Tytuł wpisu w pamiętniku odchudzania:
Skrucha...


Przyznaję się uczciwie że wczoraj nie dalam rady sie zmotywować.
Poza tym tłumaczyłam się sama przed sobą że po pierwsze mąż wyżłopał całe mleko, a po drugie, miałam masę spraw do pozałatwiania.
Wiem, to żaden wykręt, ale po tak obfitym weekendzie naprawdę trudno się zmobilizować.

Dziś dzień owsiankowy. Jedna porcja już zjedzona :) no nie ma szału, ale dam radę. 2 l owsianki to przecież nie jest mało. Przyznam się że odrobinkę dosłodziłam owsiankę słodzikiem, bo sama nie chciała mi przejść przez gardło...
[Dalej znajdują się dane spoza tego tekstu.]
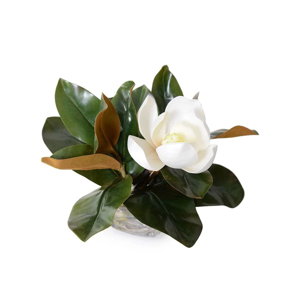 Magnolia foliage and White blossom arrangement in a 3″ clear cube. Indoor use only.

Dopiero 12.30 ja zdjadlam juz litr osianki i jestem głodna... no masakra jakaś. Ale się nie poddam...
  • Bobolina

    Bobolina

    2 sierpnia 2011, 10:14

    slodzik to nie tragedia wiec mysle ze odrobina nie zaszkodzila ;] musisz daj potem znac co na to waga :)

  • Neokatrina

    Neokatrina

    2 sierpnia 2011, 09:51

    Czasem jest bardzo trudno zacząć. 3 mam kciuki !

  • Banditt

    Banditt

    2 sierpnia 2011, 08:30

    ja robię na litrze mleka i dodaje z 10 łyżek płatków i na koniec mam problem to zmieścić.